On paper, each tool solves a critical need. But in practice, stitching them together creates a labyrinth of dependencies and translations. One team might rely on Salesforce as a system of record for customer data, while another extracts that data into a warehouse and models it in dbt. Meanwhile, the finance team depends on NetSuite to calculate revenue, which uses entirely different definitions. Marketing is querying customer segments in a CDP, and operations is looking at real-time inventory status in a separate dashboard fed from yet another system.
The result? Every metric has multiple interpretations. Each integration is brittle and expensive to maintain. Any change to the source schema, business logic, or timing in one system can ripple through dashboards, reports, and operational tools. And worse, business users are left unsure which version of the truth to trust.
These systems are powerful. But without a unifying framework or consistent data logic, they often become sources of fragmentation—introducing silos, latency, duplication, and misalignment. Businesses spend as much time reconciling data and definitions as they do acting on them.
The Core Problem: Too Many Systems, Not Enough Clarity
This leads to a crucial question:
What if, instead of assembling a stack of disconnected tools, you could build your core business data infrastructure—fully customized to your workflows, your entities, your metrics—with just one platform?
One that combines the integrity of a System of Record, the flexibility of a database, the logic of an ERP, and the insight of a BI tool. One that integrates where needed but never forces complexity where simplicity would do.

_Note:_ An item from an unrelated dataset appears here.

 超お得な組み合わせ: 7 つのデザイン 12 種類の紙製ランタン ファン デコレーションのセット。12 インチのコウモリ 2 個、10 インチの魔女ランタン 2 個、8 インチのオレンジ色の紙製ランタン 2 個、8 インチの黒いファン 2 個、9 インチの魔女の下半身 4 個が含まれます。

Introducing Millentic: A Unified, Commerce-Ready Data Platform
That’s the vision behind Millentic. A single, unified platform designed not just to model your business truthfully, but to serve as a datahub with integrated operational capabilities. Millentic doesn't just store data—it brings it to life. It enables businesses to define their own entities, metrics, and workflows, and operate them in real time.

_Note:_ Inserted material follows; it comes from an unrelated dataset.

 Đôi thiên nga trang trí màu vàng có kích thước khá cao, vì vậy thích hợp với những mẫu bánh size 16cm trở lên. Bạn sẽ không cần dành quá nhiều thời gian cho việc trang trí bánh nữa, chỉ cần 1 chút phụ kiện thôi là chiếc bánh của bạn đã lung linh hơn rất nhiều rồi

Millentic is especially designed with commerce businesses in mind—organizations that deal with highly transactional, rapidly changing, and operationally rich datasets. From orders and returns to inventory updates and payment flows, commerce data has unique requirements that traditional business systems often struggle to handle cohesively.

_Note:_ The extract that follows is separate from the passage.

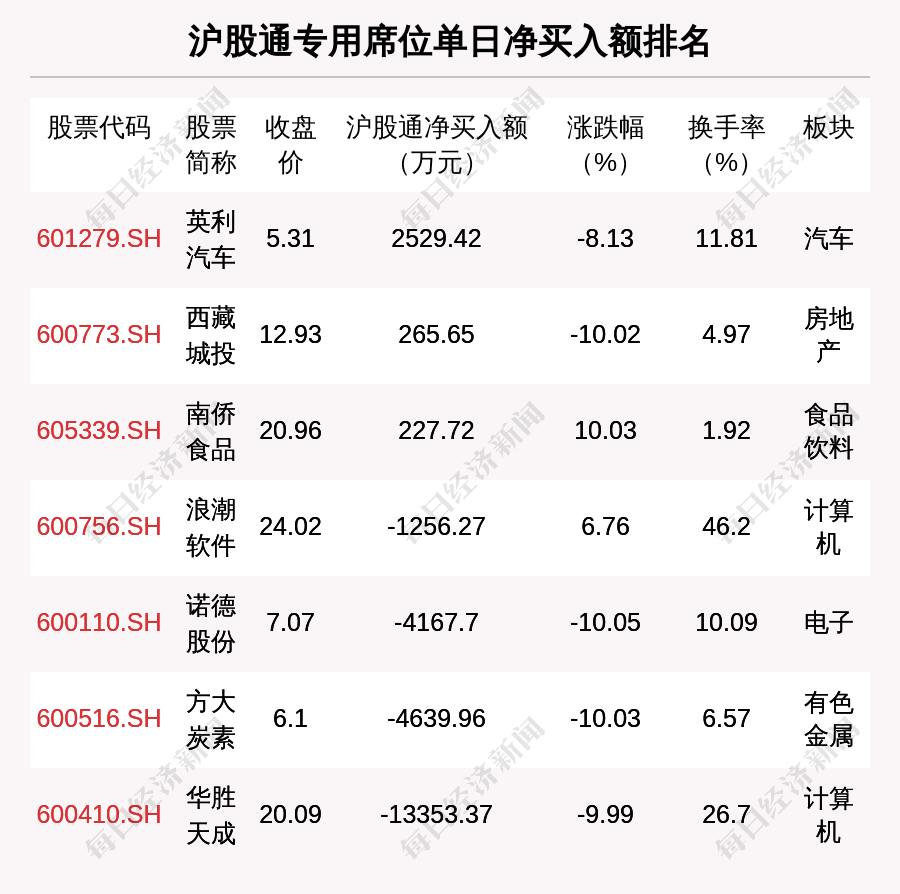 在龍虎榜中,涉及滬股通專用席位的個股有7只,英利汽車的滬股通專用席位凈買入額最大,凈買入2529.42萬元。

With Millentic, you're not tied to fragmented layers. It combines the authority of a system of record, the flexibility of a modern database, the coordination power of ERP logic, and the insight layer of BI—all within one platform. This means fewer brittle integrations, faster decision-making, and the ability to evolve your data and operations together, with full transparency and control.
Whether Millentic becomes your foundation or a connective layer within your stack, it empowers teams to own their data and workflows end-to-end, in a way no single-purpose tool ever could.
In future posts, we’ll explore how companies are adopting Millentic to simplify their data architecture—and what becomes possible when operational and analytical truth finally converge.